Set the whole listing down again, word for word, with no pictures.

THE DATA:
----

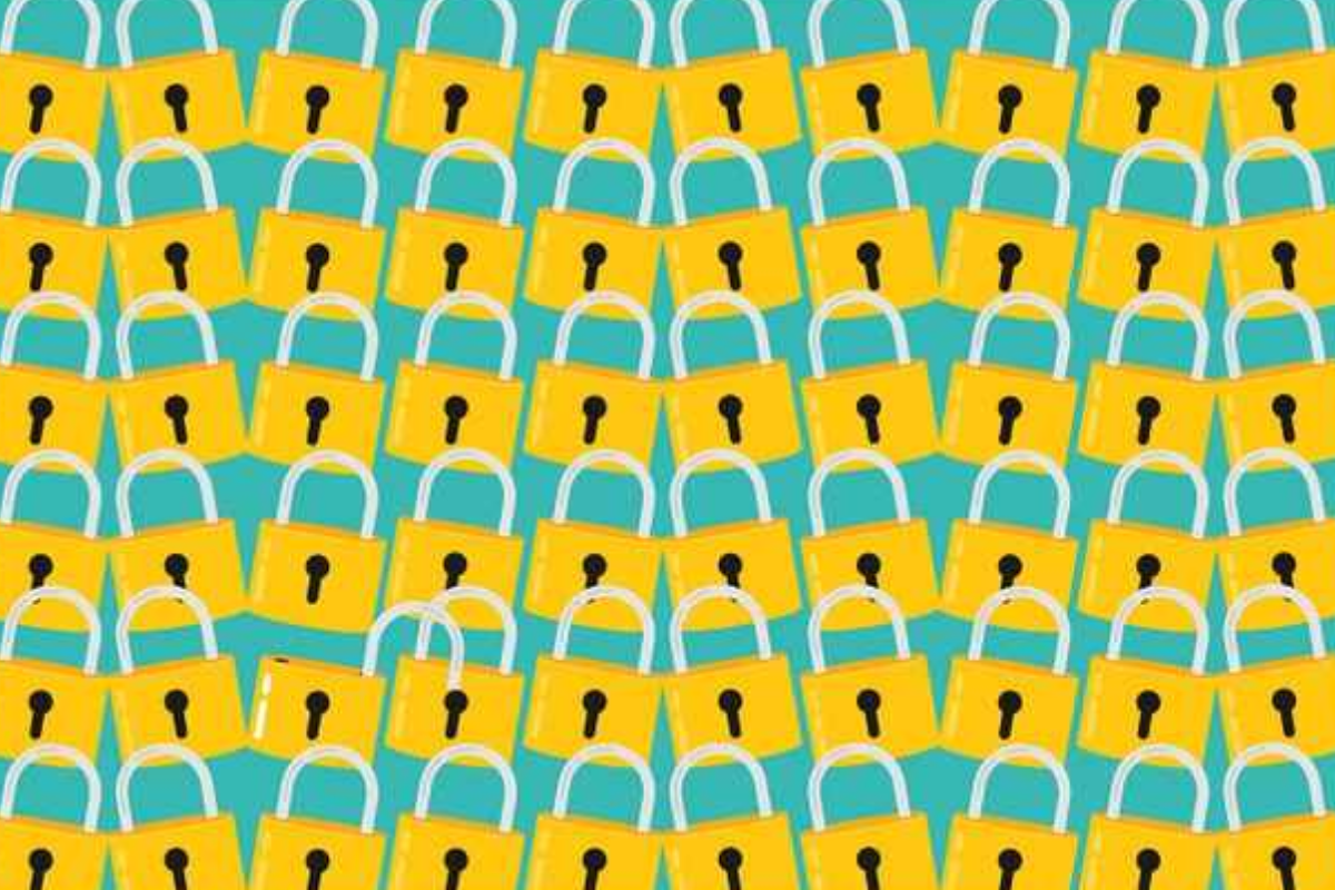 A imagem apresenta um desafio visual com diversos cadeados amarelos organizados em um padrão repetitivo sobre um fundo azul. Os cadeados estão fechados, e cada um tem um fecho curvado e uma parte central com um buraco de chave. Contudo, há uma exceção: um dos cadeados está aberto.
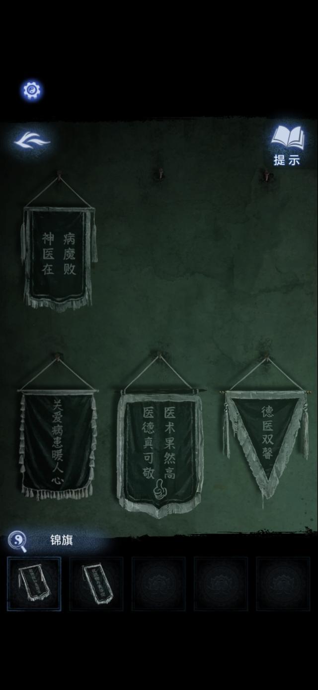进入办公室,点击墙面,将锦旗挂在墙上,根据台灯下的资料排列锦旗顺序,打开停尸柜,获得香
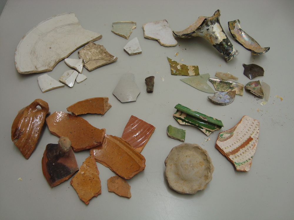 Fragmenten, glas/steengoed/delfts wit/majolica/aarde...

----

SOLUTION FOR THIS EXERCISE:
 A imagem apresenta um desafio visual com diversos cadeados amarelos organizados em um padrão repetitivo sobre um fundo azul. Os cadeados estão fechados, e cada um tem um fecho curvado e uma parte central com um buraco de chave. Contudo, há uma exceção: um dos cadeados está aberto.
进入办公室,点击墙面,将锦旗挂在墙上,根据台灯下的资料排列锦旗顺序,打开停尸柜,获得香
 Fragmenten, glas/steengoed/delfts wit/majolica/aarde...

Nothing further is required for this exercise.